Comment by mschuster91

10 hours ago

> It is nonetheless relevant, especially in the presence of escape mechanisms to oppressive governments, and digital sovereignty.

Not just for that. There's an awful, awful lot of ancient embedded hardware running machinery sometimes worth dozens of millions of dollars, and it's running even more ancient software. Siemens, for example, recently searched for people capable of (and willing to) working with Windows 3.11 [1], presumably to deal with the HMI displays for locomotive/train drivers.

When dealing with hardware or software that has lifecycles measured in half-centuries, bridges to allow modern tooling to work with it are really, really important.

[1] https://www.heise.de/news/Deutsche-Bahn-sucht-Admin-fuer-Win...
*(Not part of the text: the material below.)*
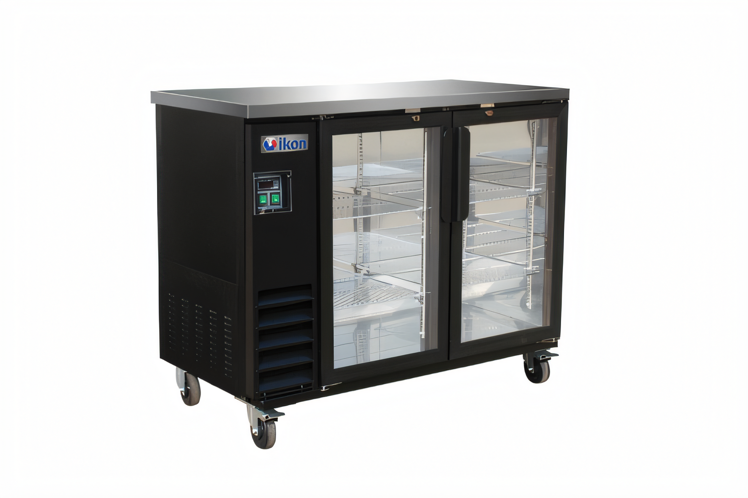 IKON Refrigeration Refrigerated Back Bar Storage Cabinet, two-section, 10.45 cu. ft. capacity, 49-1/10"W x 24-2/5"D x 41-3/4"H, stainless steel top, (2) sliding glass doors (lockable), (4) shelves, (288) 12 oz cans or (216) 12 oz bottles capacity, electronic thermostat, 33° to 40°F temperature range, digital LED temperature display, stainless steel interior, black exterior, left-side mounted self-contained refrigeration, R290 refrigerant, 4" casters (2) braked, 115v/60/1-ph, cord with NEMA 5-15P, 0.40 hp, 3 amps, cETLus, ETL-Sanitation

Working with Windows 3.11 isn't even the problem there though, that is only a symptom. You could get one of the original authors of 3.11 in there and all they would get told by Siemens would be "no, you can't touch anything. You can't change anything, you can't install a new piece of software, even one designed for Windows 3.11. You can't fix this obvious bug, even if you are Chesteron. The absolute only thing we will allow you to do is to salve the very shallowest possible symptom that we never noticed until this week, and you can only do that by adding a new thing completely outside of the scope of everything that already exists and make the ball of pain larger."

There are millions of Windows 95 embedded in industrial or government machines. Millions.

  • Doing stuff that an ESP 32 would suffice.

    • There are at least 8 layers of bureaucracy between the ones who need it, and the ones who make it.

    • Yeah but instead of rewriting it, dropping in a supported OS that continues to receive security fixes is a very attractive alternative.